NumPy arrays can also be multidimensional (1D, 2D, 3D ... ND), meaning the NumPy array structure can be used to model vectors (1D) and matrices (2D). Arrays with >= 3 dimensions is often refered to as a tensor (see above).

Dimensions in NumPy are refered to as 'axes'. A 2D array may look something like this:

```python
[[0., 0., 0.],
 [1., 1., 1.]]
```

Where there are two axes and the first axis has a length of two and the second a length of three. You can access the shape of an array with the `.shape` attribute, which is a tuple refering to the length of each axis. In this case this would be `(2,3)`


**Creating NumPy arrays:**

There are numerous ways to create a NumPy array.
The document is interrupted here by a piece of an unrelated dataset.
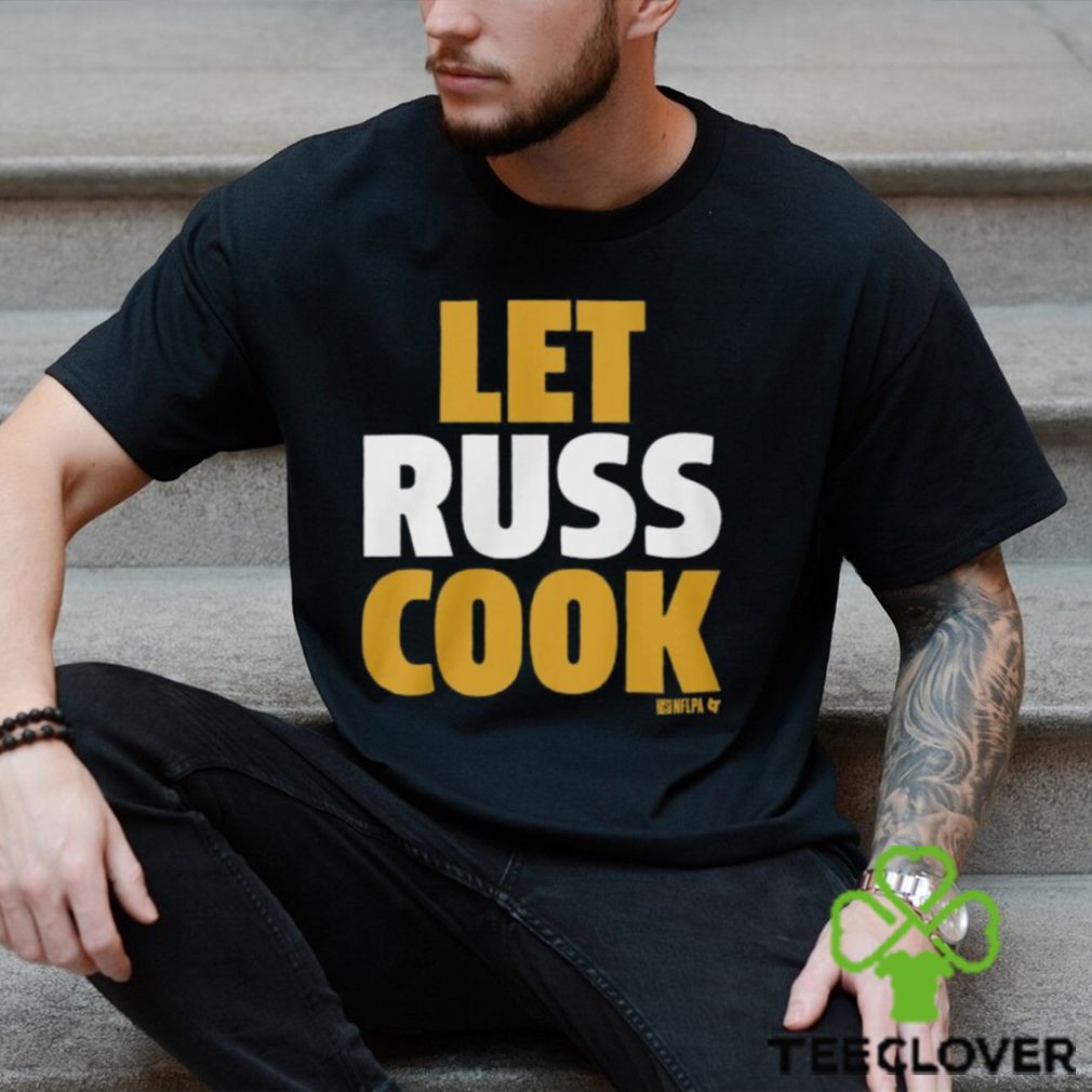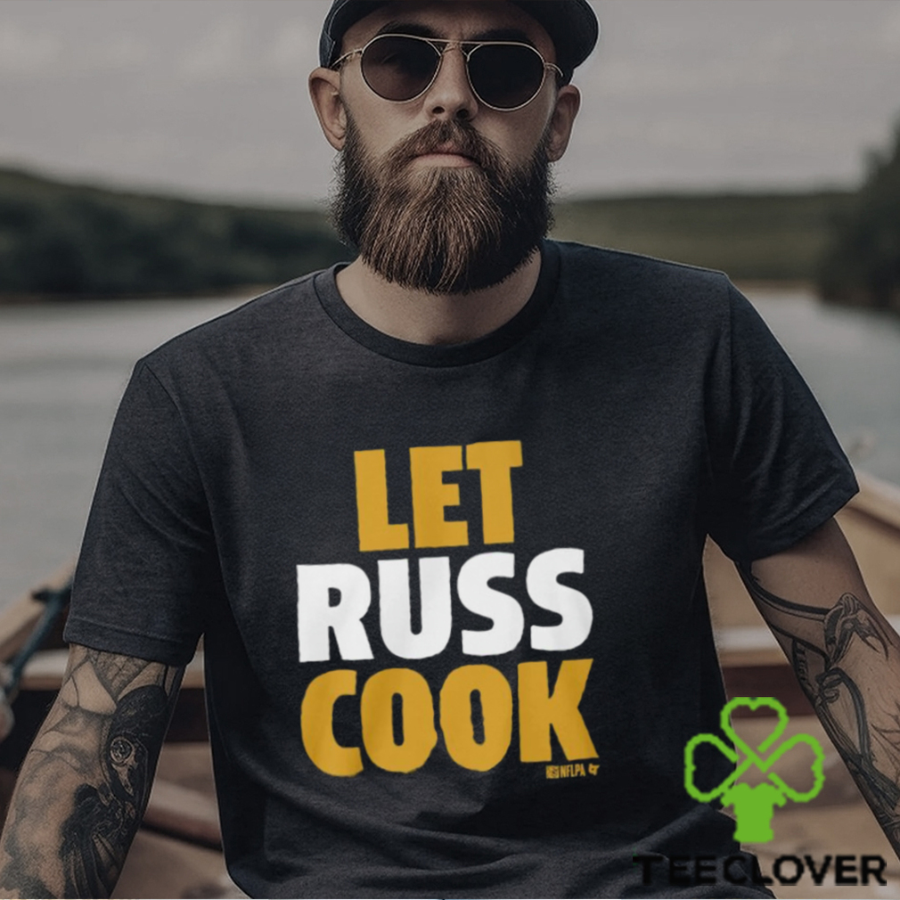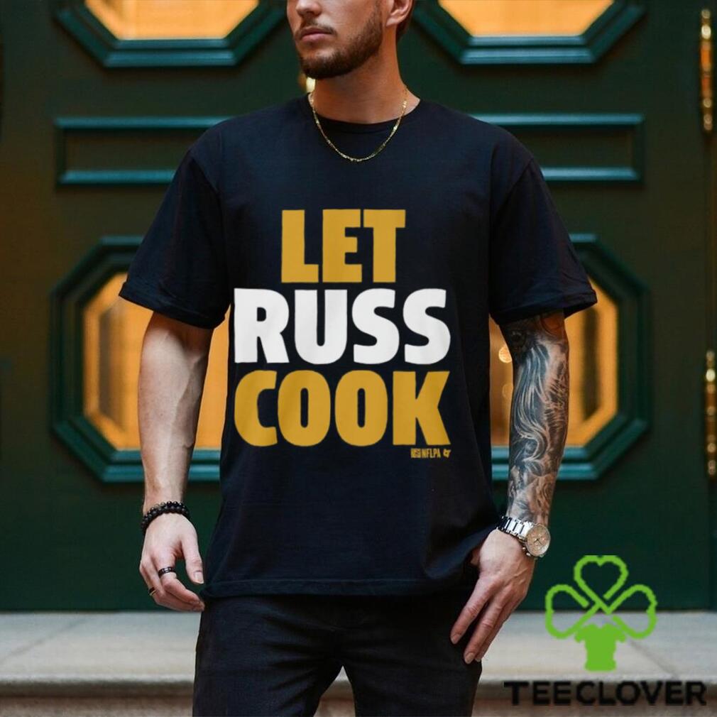 The English term Christmas (Old English, Cristes maesse) is actually of Russell Wilson Pittsburgh Let Russ Cook Shirt recent origin: the feast day only began to be widely celebrated with a specific liturgy (the Cristes maesse) in the 9th century. The earlier term Yule, from the Germanic jōl or the Anglo-Saxon geōl, referred to the feast of the winter solstice, and made no mention of Christian church liturgy or practices. On Christmas Day, the Church traditionally celebrated three Masses. The first of these took place at midnight and celebrated of the actual birth of Christ. None of the contemporary Christmas customs have their origin in these liturgical affirmation (or masses), and most are of a much more recent date. The exchange of gifts originally took place in the early hours of the 25th when people returned home from the first, midnight mass. When it became customary to open gifts later in the day, the times of many church services were altered – another example of how far from the idea of the liturgical ‘Cristes maesse’ the holiday has come.
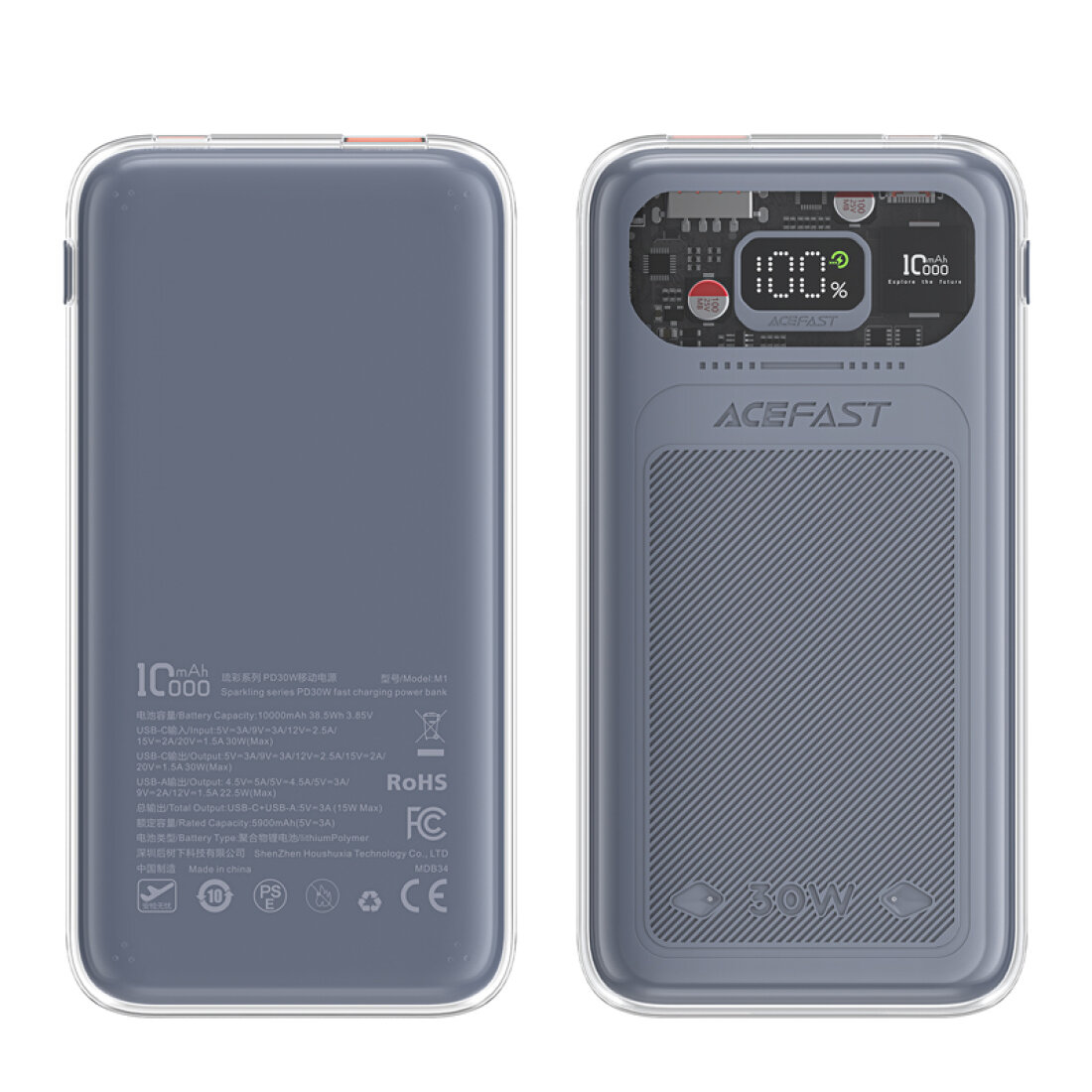 Универсальный Доп. Аккумулятор 10000mAh, M1, ACEFAST, выход: 1 PD (30W) 1 USB (22.5W), серый информация:

We will cover some of the ways here:

- `np.array()`
- `np.zeros()`
- `np.ones()`
- `np.empty()`
- `np.arange()`
- `np.linspace()`

`np.array()`can be used to construct an array from a Python list:

In [None]:
array_1d = np.array([1, 2, 3, 4])                  # A 1D array
array_2d = np.array([[1, 2, 3, 4], [5, 6, 7, 8]])  # A 2D array

print('1D NumPy array:\n', array_1d)
print('\n2D NumPy array:\n', array_2d)

`np.zeros()` fills an array with zeros, while `np.ones()` fills an array with ones:

In [None]:
zero_array_1d = np.zeros(6)
ones_array_2d = np.ones((6, 3))

print('1D NumPy array:\n', zero_array_1d)
print('\n2D NumPy array:\n', ones_array_2d)

`np.empty()` functions in much the same way but fills the array with random numbers depending on the state of the memory (quicker than zeros/ones):

In [None]:
array = np.empty(10)

print(array)

`np.arange()` creates an array containing a range of numbers similarly to the Python `range()` function. A step size parameter can also be provided:

In [None]:
array = np.arange(0, 11, 2)

print(array)

`np.linspace()` creates an array of evenly spaced values within a specified interval:

In [None]:
array = np.linspace(0, 20, 5)  # 0 -> 20 in 5 values

print(array)

**Specifying a dtype**

When creating an array the dtype is automatically `np.float64`, however the dtype can be specified by the user.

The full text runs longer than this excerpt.